EXERCISE DETAILS
Write out the records in full and without alteration, setting aside their pictures.
*** Opening RECORDS PROVIDED ***
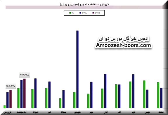 خرداد با رشد 1160 میلیارد ریال فروش ثبت کرده است که نسبت به دوره 1 ماهه مشابه سال قبل 54% افزایش داشته است.همچنین در 3ماهه 2639 میلیارد ریال فروش داشته و نزدیک به مدت مشابه قبل است
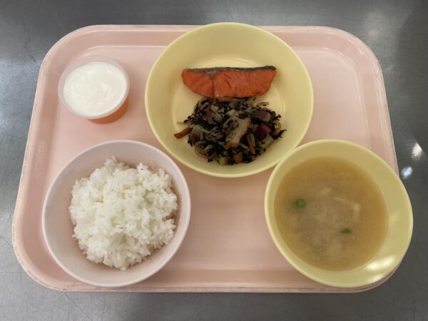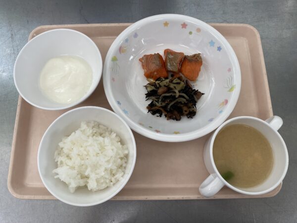 今日の給食は、ごはん・みそ汁(切干大根、油揚げ、インゲン)・鮭の塩焼き・ひじきの煮物・オレンジゼリーヨーグルトのせ(未満児さんはヨーグルト)です。
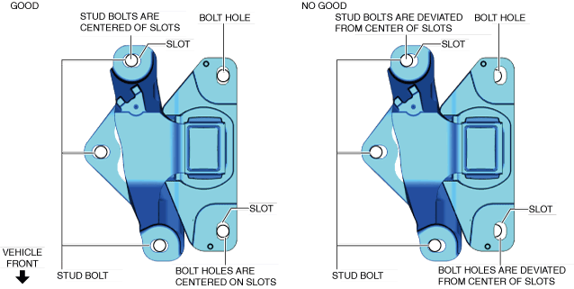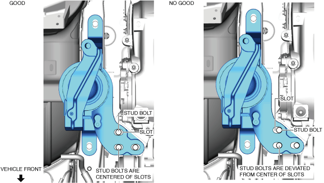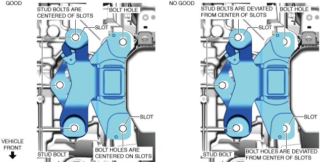 • If the stud bolts are deviated from the center of the slots, align the stud bolts with the center of the slots while slightly moving the transaxle, and temporarily tighten the installation nuts.
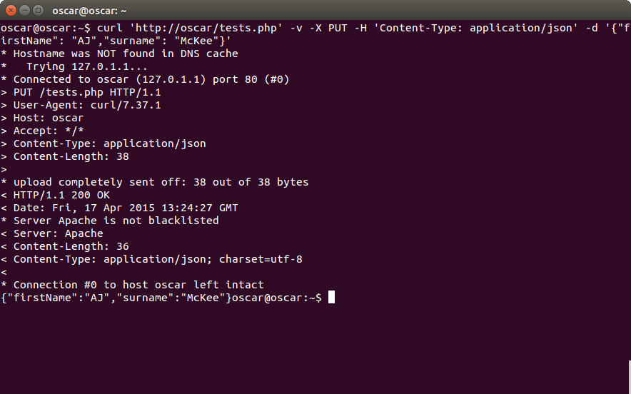 curl 'https://test.dev/profile' -v -X PUT -H 'Content-Type: text/html' -d '{"firstName": "AJ","surname": "McKee"}'
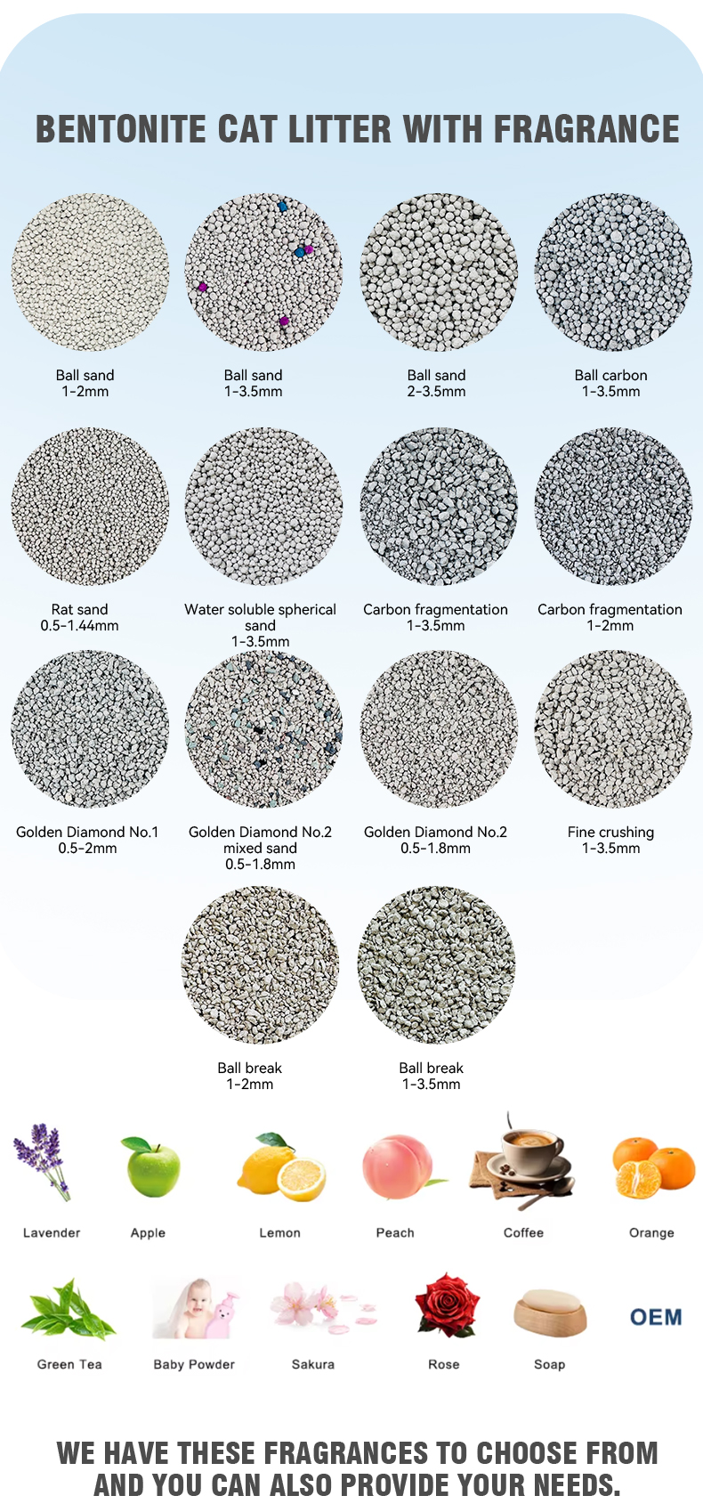 The company provides comprehensive customization services. You can customize the product's fragrance, color, packaging design, and brand logo. This is ideal for pet supply brands looking to create their own private-label cat litter product line.
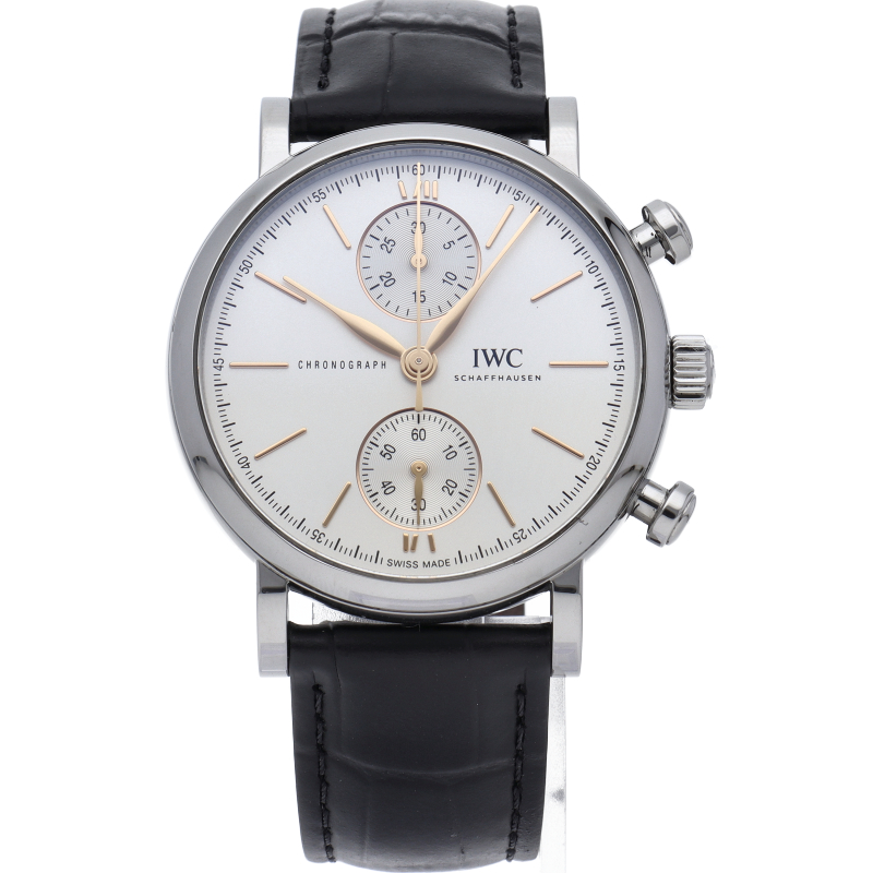 IWCの中でも特に人気の「ポートフィノ」。少し小ぶりにデザインされたクロノグラフは、腕におさまりのよいシンプルですっきりとしたデザインに。針やインデックスにゴールドカラーを効かせ、控えめながらも洗練されたフェイスはビジネスシーンにはもちろんデイリーに活躍してくれるポテンシャルを秘めた時計です。
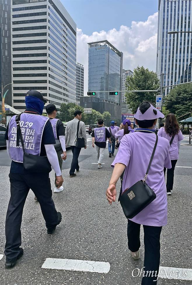지난 8일 시작한 릴레이 행진은 이태원 참사 희생자 분향소가 있는 시청광장에서 출발해 광화문, 마포대교를 거쳐 국민의힘 당사, 더불어민주당 당사를 지나 국회 앞에서 마무리 된다. 약 8.8km의 행진, 3시간여를 꼬박 걸어야 한다. 이태원 참사 유가족들은 이 길을 오는 7월 1일(주말 제외, 총 18일)까지 걷고 또 걸어, 총 159km 거리를 행진할 예정이다.
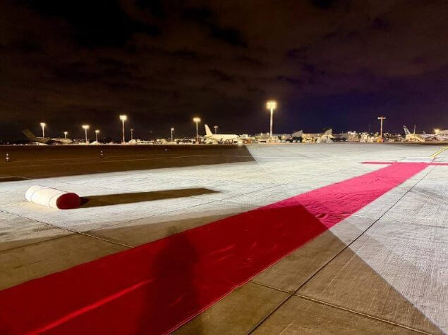 Der rote Teppich für Trump wurde am Ben-Gurion-Flughafen bereits ausgerollt. Der US-Präsident will bei einem Kurzbesuch im Nahen Osten am Montag die Waffenruhe zwischen Israel und der Hamas im Gaza-Krieg feiern und auf weitere Schritte zum Frieden hinwirken.
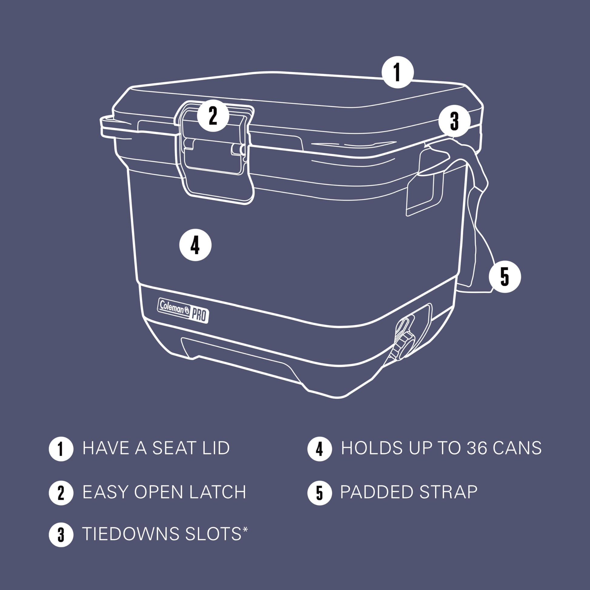 Details: You work hard for your time off. You deserve gear that goes above and beyond. Meet the Coleman Pro series, designed for those who expect more. This 25-quart hard cooler stays cold for up to 3 days thanks to a fully insulated lid and body featuring extra thick walls up to 2 inches wide. Use its padded carrying strap to comfortably trek from backyard to beach to tailgate to sidelines, while the stainless steel latch allows you to open and close the cooler with one hand. Extra-wide drain plug is attached so you can drain fast without losing track of the plug. Tie-down straps and non-slip feet let you securely rig your cooler in the bed of your truck or in the D-rings of your raft, while a pad-lock opening lets you add extra security. The Have-A-Seat lid is built to accommodate an extra guest when you run out of seats around the campfire, at the game, or out back. Best of all, these built-to-last features are backed by our 10-year limited warranty, so you can confidently bank on Pro performance for all your trips to come.
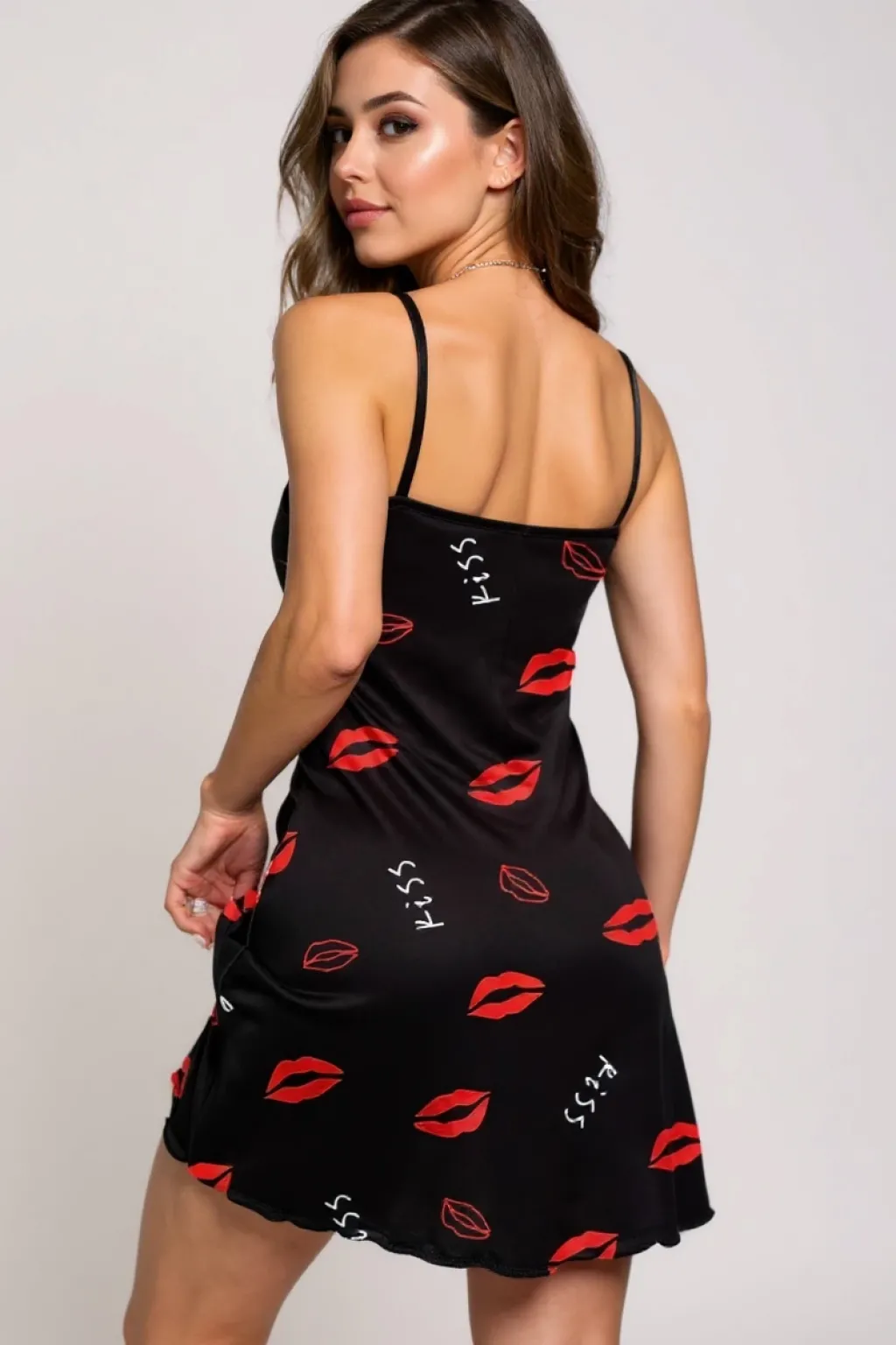 Aşk Temalı Kalp Desenli Siyah Saten Gecelik
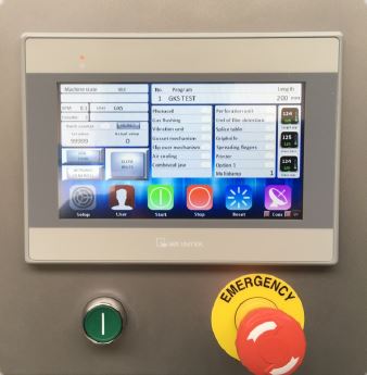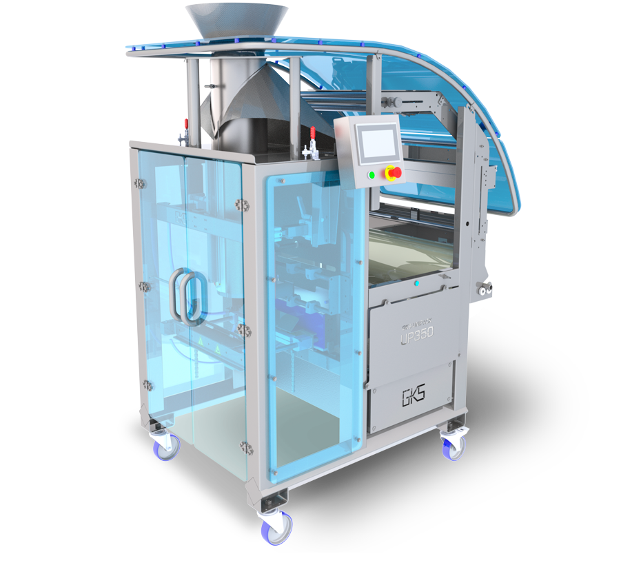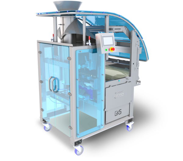 Stainless steel construction; hygienic design. Machine safety according to CE regulations. Allen Bradley PLC with 7” full colour touchscreen and 99 programs can be created and stored. Photocell for bag length detection with pre-printed film. End of film detection. Pneumatic opening and closing of the servo driven film pull belts. Low power and air consumption. Cover plate over the entire machine. Machine in mobile frame.
*** Closing RECORDS PROVIDED ***
OUTPUT FOR THIS EXERCISE
 خرداد با رشد 1160 میلیارد ریال فروش ثبت کرده است که نسبت به دوره 1 ماهه مشابه سال قبل 54% افزایش داشته است.همچنین در 3ماهه 2639 میلیارد ریال فروش داشته و نزدیک به مدت مشابه قبل است
 今日の給食は、ごはん・みそ汁(切干大根、油揚げ、インゲン)・鮭の塩焼き・ひじきの煮物・オレンジゼリーヨーグルトのせ(未満児さんはヨーグルト)です。
 • If the stud bolts are deviated from the center of the slots, align the stud bolts with the center of the slots while slightly moving the transaxle, and temporarily tighten the installation nuts.
 curl 'https://test.dev/profile' -v -X PUT -H 'Content-Type: text/html' -d '{"firstName": "AJ","surname": "McKee"}'
 The company provides comprehensive customization services. You can customize the product's fragrance, color, packaging design, and brand logo. This is ideal for pet supply brands looking to create their own private-label cat litter product line.
 IWCの中でも特に人気の「ポートフィノ」。少し小ぶりにデザインされたクロノグラフは、腕におさまりのよいシンプルですっきりとしたデザインに。針やインデックスにゴールドカラーを効かせ、控えめながらも洗練されたフェイスはビジネスシーンにはもちろんデイリーに活躍してくれるポテンシャルを秘めた時計です。
지난 8일 시작한 릴레이 행진은 이태원 참사 희생자 분향소가 있는 시청광장에서 출발해 광화문, 마포대교를 거쳐 국민의힘 당사, 더불어민주당 당사를 지나 국회 앞에서 마무리 된다. 약 8.8km의 행진, 3시간여를 꼬박 걸어야 한다. 이태원 참사 유가족들은 이 길을 오는 7월 1일(주말 제외, 총 18일)까지 걷고 또 걸어, 총 159km 거리를 행진할 예정이다.
 Der rote Teppich für Trump wurde am Ben-Gurion-Flughafen bereits ausgerollt. Der US-Präsident will bei einem Kurzbesuch im Nahen Osten am Montag die Waffenruhe zwischen Israel und der Hamas im Gaza-Krieg feiern und auf weitere Schritte zum Frieden hinwirken.
 Details: You work hard for your time off. You deserve gear that goes above and beyond. Meet the Coleman Pro series, designed for those who expect more. This 25-quart hard cooler stays cold for up to 3 days thanks to a fully insulated lid and body featuring extra thick walls up to 2 inches wide. Use its padded carrying strap to comfortably trek from backyard to beach to tailgate to sidelines, while the stainless steel latch allows you to open and close the cooler with one hand. Extra-wide drain plug is attached so you can drain fast without losing track of the plug. Tie-down straps and non-slip feet let you securely rig your cooler in the bed of your truck or in the D-rings of your raft, while a pad-lock opening lets you add extra security. The Have-A-Seat lid is built to accommodate an extra guest when you run out of seats around the campfire, at the game, or out back. Best of all, these built-to-last features are backed by our 10-year limited warranty, so you can confidently bank on Pro performance for all your trips to come.
 Aşk Temalı Kalp Desenli Siyah Saten Gecelik
 Stainless steel construction; hygienic design. Machine safety according to CE regulations. Allen Bradley PLC with 7” full colour touchscreen and 99 programs can be created and stored. Photocell for bag length detection with pre-printed film. End of film detection. Pneumatic opening and closing of the servo driven film pull belts. Low power and air consumption. Cover plate over the entire machine. Machine in mobile frame.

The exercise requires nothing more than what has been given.